The Fathers present informed me that some mums also acted as gatekeepers and only allowed contact when it suited their social arrangements. Some even used reduced contact as punishment if they that didn’t contribute financially to the upkeep of their offspring.


Organisations such as Women’s Aid over the last 3 years have try to discredit Parental Alienation as a pseudo terminology that abusive men use as an excuse to harass estranged children and women by taking them to court under false pretences. They have now successfully lobbied Parliament to create current a Domestic Abuse Bill, which is currently at the third draft stage see below:

https://www.parliament.uk/business/committees/committees-a-z/joint-select/draft-domestic-abuse-bill/ddab-17-19/publications/


When attending Asia Effiong -Jones radio show, a predominately female panel wanted to discover why certain Fathers were not facing up to their responsibilities after relationship breakdown. I illustrated that men are still socialized into stereotypical roles of being breadwinners and receive less parental leave from work.

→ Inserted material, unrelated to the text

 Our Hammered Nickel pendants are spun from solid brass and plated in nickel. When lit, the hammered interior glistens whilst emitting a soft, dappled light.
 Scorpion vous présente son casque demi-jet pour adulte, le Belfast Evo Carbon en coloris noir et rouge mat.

Parental prejudice leads to men having to jump over more safeguarding checks in order to maintain their parental rights. Support for Dads, in terms of benefits and social housing were also less extensive. That society still expected Fathers to work full time once they were not the primary carers. The panel acknowledged that this was unbalanced but believed the reason for this occurring was due to the birth process and that women were more caring by nature.

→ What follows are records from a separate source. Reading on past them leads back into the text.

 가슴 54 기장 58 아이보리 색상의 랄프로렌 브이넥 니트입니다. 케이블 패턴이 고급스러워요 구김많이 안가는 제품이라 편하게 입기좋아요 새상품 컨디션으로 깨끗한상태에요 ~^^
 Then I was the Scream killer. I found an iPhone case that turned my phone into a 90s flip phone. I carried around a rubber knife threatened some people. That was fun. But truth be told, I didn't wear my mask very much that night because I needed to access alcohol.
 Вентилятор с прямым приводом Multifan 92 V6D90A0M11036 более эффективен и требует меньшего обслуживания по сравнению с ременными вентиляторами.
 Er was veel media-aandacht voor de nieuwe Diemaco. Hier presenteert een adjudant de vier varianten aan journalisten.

I illustrated Fathers could also be primary carers and that the last National Census conducted in 2011. The report illustrated that households headed by single Fathers in the UK now stands at 400,000. The panel was shocked, as they didn’t expect the number would be so high. I then provided the panel with a study conducted by Darren Spooner, an avid parental alienation campaigner; he found that some mothers also abandoned their children after relationship breakdown. This was due to a confluence of reasons such as postnatal depression, narcissistic or sociopathic personality disorders. These psychological traits led to safeguarding issues and neglect, which played a fundamental part of why this group of men were now the primary carers.

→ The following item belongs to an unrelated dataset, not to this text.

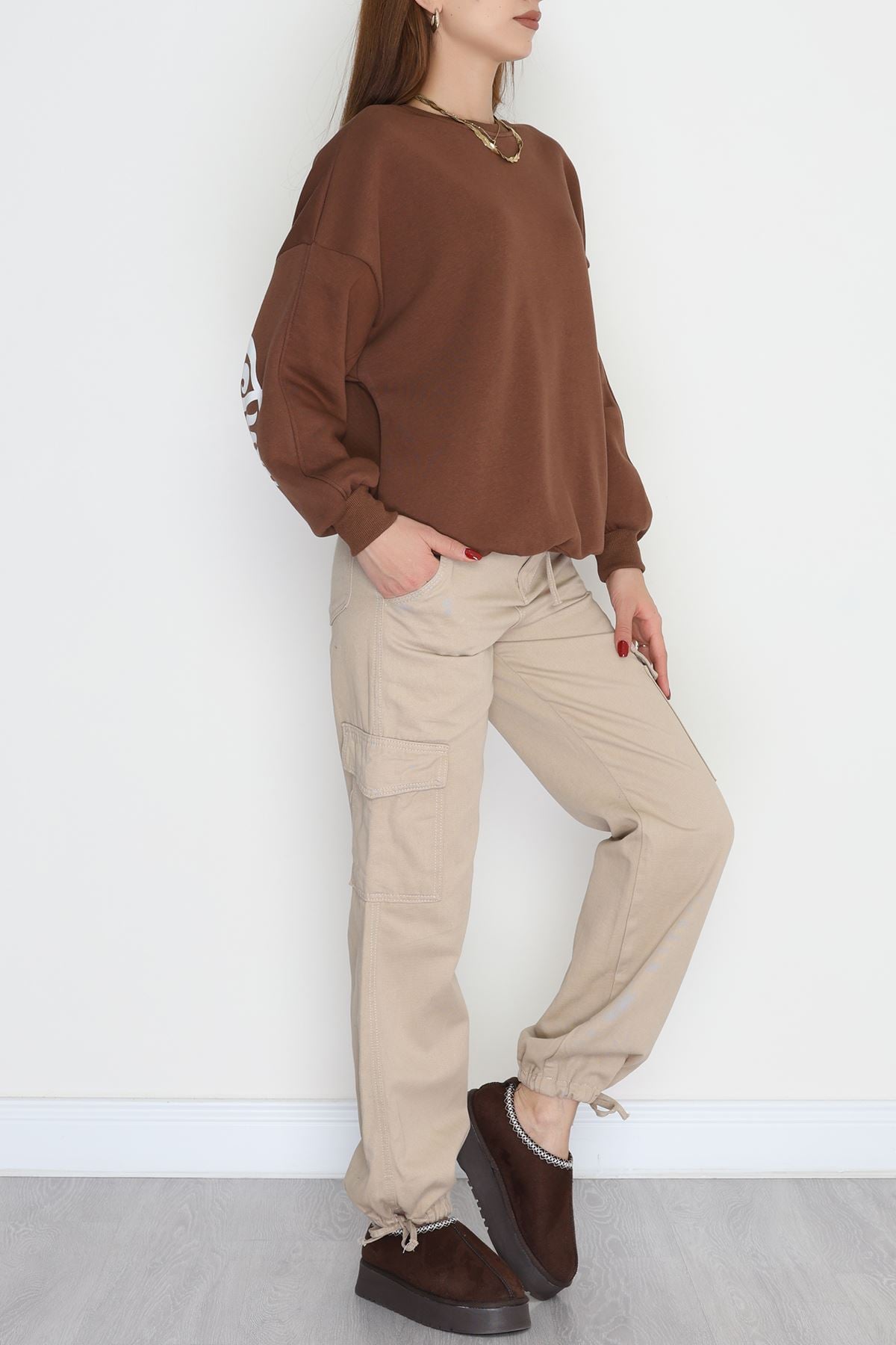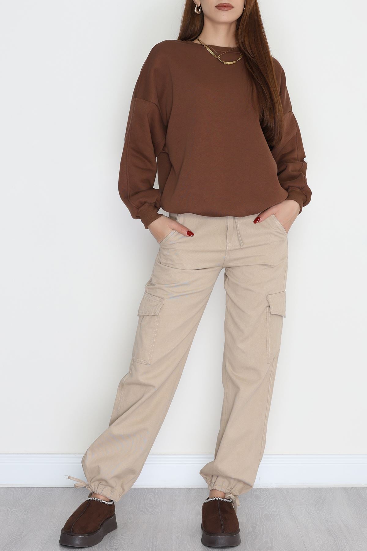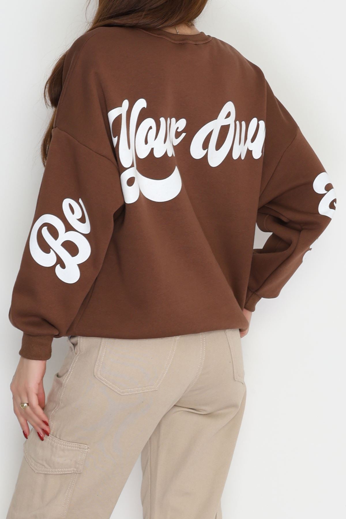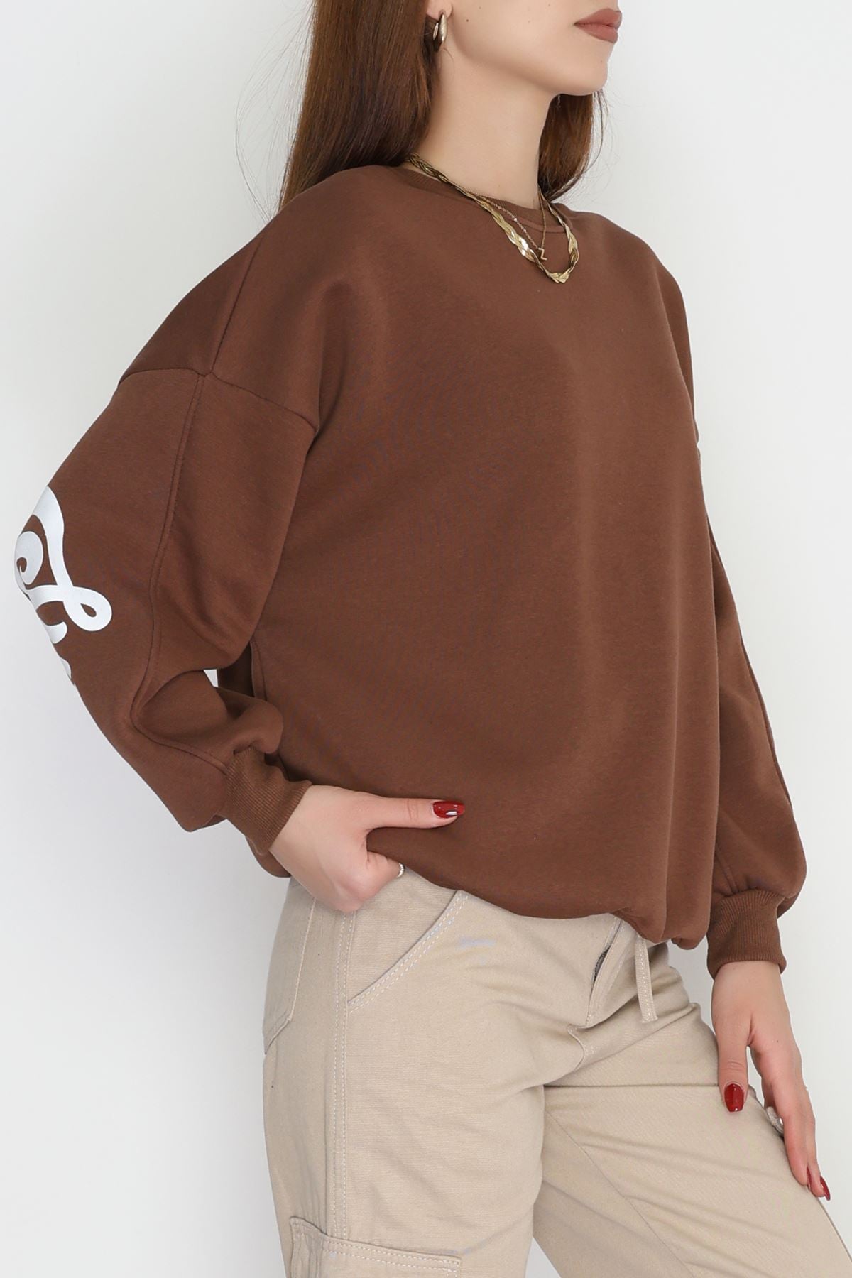 3 İplik Şardonlu Oversize Sweat Kahve - 50921.1878.

See the recorded show below:

https://www.youtube.com/watch?v=vrt7XyxivyM


In essence Parents have so many pressures, internally and externally, combined with conflicting messages as well as the day-to-day responsibilities of child rearing. We as a society now stand in a transitional period of time where equality has become a byword, yet the reality continues to elude non-resident parents and as a consequence Fathers disproportionally.